_Supplied data_:
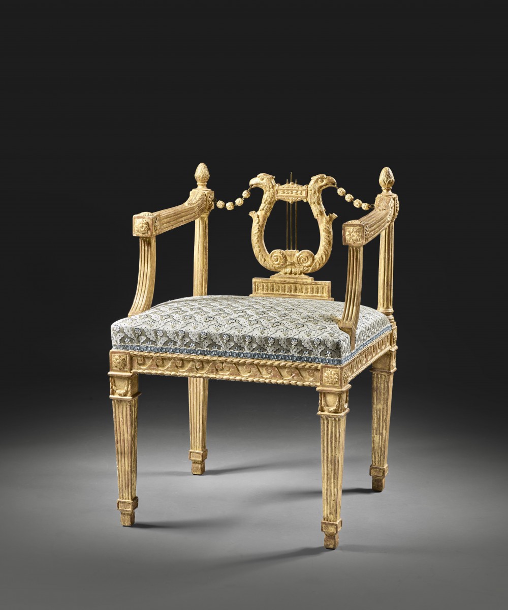 Finding its source in the ancient repertoire, the lyre pattern enjoyed a certain success in France in the furniture of the last years of the Ancien Régime. The carpenter Georges Jacob (1739- 1814) produced several chairs for the royal household that featured this motif. In 1788, he delivered a suite of lyre-backed voyeuses to the Comte d'Artois for the Château de Bagatelle music salon, a pair of related voyeuses to Jean-Baptiste Tourteau de Septeuil, frist valet to the King from 1779 to 1792, and a set of three lyre-backed sofas for the Comte de Provence in Versailles.
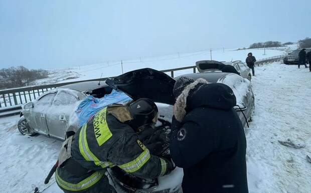 «На 216-м километре платного участка автодороги "Дон" произошло несколько ДТП с участием более 50 легковых автомашин», — уточнил источник.
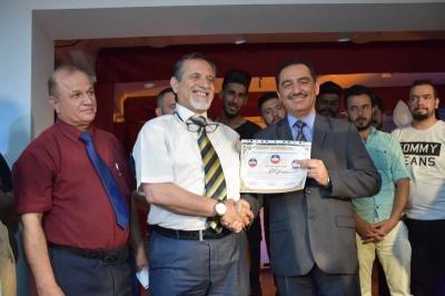 بحضور الاستاذ الدكتور قصي كمال الدين الاحمدي رئيس جامعة الموصل اختتم المهرجان المسرحي اللغوي الاول الذي اقامته كلية الاداب بالتعاون مع قسم الفنون المسرحية في كلية الفنون الجميلة يوم الخميس الموافق ١٦ ايار ٢٠١٩ وعلى قاعة المسرح التجريبي .. حضره الدكتورة اسماء سعود خطاب عميدة كلية الاداب والدكتور صفاء الدين اعبدالله عميد كلية التربية الاساسية والسادة المعاونين وعدد من رؤساء الاقسام وتدريسيي الكلية وجمهور من الطلبة وذوي الاختصاص .. بعرض مسرحي (الشموع الخمسة) باللغة التركية اعقبها عرضا اخر بعنوان الامل باللغة الانكليزية .. وقدم السيد رئيس الحامعة الشهادة التقديرية لصاحب فكرة المهرجان الدكتور نذير عبد الغني العزاوي التدريسي في كلية الفنون الجميلة ومخرج عروض المهرجان .. وقد ابدى الاستاذ الدكتور قصي كمال الدين الاحمدي ارتياحه واعجابه بعروض المهرجان مثنيا على جهود القائمين عليه في دعم وتشجيع المهارات والطاقات الشابة للجامعة
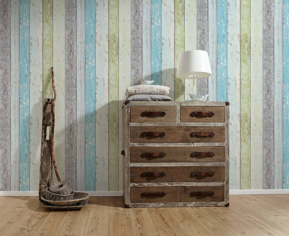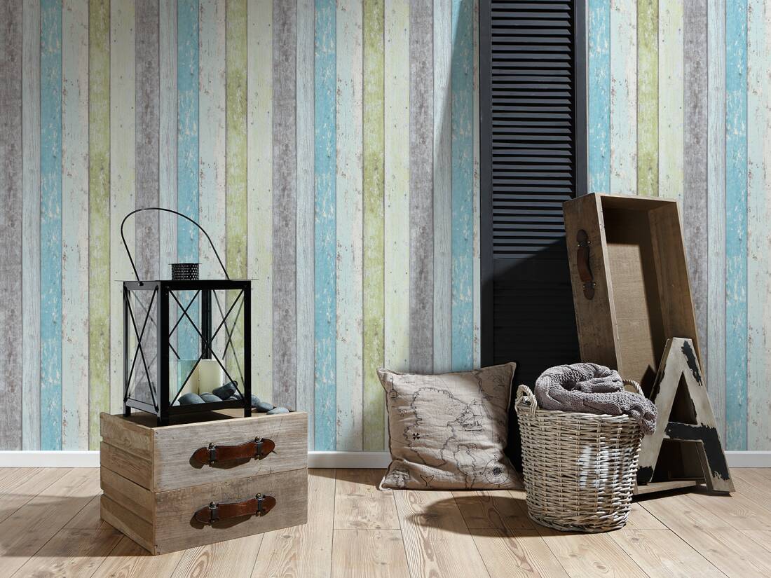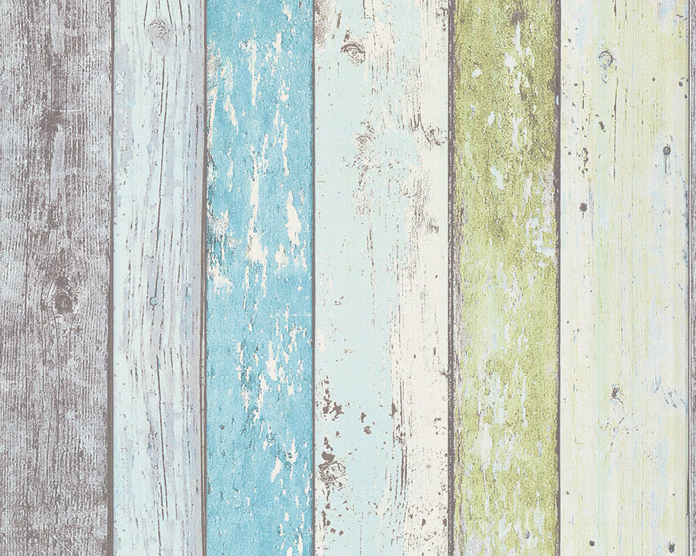Papel de Parede Madeira, Casa de Campo, Azul, Verde, Branco 8550-77

_Directions for this task_:
Pictures stay out; everything else in the listing above gets repeated exactly.

_Solution for this problem_:
 Finding its source in the ancient repertoire, the lyre pattern enjoyed a certain success in France in the furniture of the last years of the Ancien Régime. The carpenter Georges Jacob (1739- 1814) produced several chairs for the royal household that featured this motif. In 1788, he delivered a suite of lyre-backed voyeuses to the Comte d'Artois for the Château de Bagatelle music salon, a pair of related voyeuses to Jean-Baptiste Tourteau de Septeuil, frist valet to the King from 1779 to 1792, and a set of three lyre-backed sofas for the Comte de Provence in Versailles.
 «На 216-м километре платного участка автодороги "Дон" произошло несколько ДТП с участием более 50 легковых автомашин», — уточнил источник.
 بحضور الاستاذ الدكتور قصي كمال الدين الاحمدي رئيس جامعة الموصل اختتم المهرجان المسرحي اللغوي الاول الذي اقامته كلية الاداب بالتعاون مع قسم الفنون المسرحية في كلية الفنون الجميلة يوم الخميس الموافق ١٦ ايار ٢٠١٩ وعلى قاعة المسرح التجريبي .. حضره الدكتورة اسماء سعود خطاب عميدة كلية الاداب والدكتور صفاء الدين اعبدالله عميد كلية التربية الاساسية والسادة المعاونين وعدد من رؤساء الاقسام وتدريسيي الكلية وجمهور من الطلبة وذوي الاختصاص .. بعرض مسرحي (الشموع الخمسة) باللغة التركية اعقبها عرضا اخر بعنوان الامل باللغة الانكليزية .. وقدم السيد رئيس الحامعة الشهادة التقديرية لصاحب فكرة المهرجان الدكتور نذير عبد الغني العزاوي التدريسي في كلية الفنون الجميلة ومخرج عروض المهرجان .. وقد ابدى الاستاذ الدكتور قصي كمال الدين الاحمدي ارتياحه واعجابه بعروض المهرجان مثنيا على جهود القائمين عليه في دعم وتشجيع المهارات والطاقات الشابة للجامعة
Papel de Parede Madeira, Casa de Campo, Azul, Verde, Branco 8550-77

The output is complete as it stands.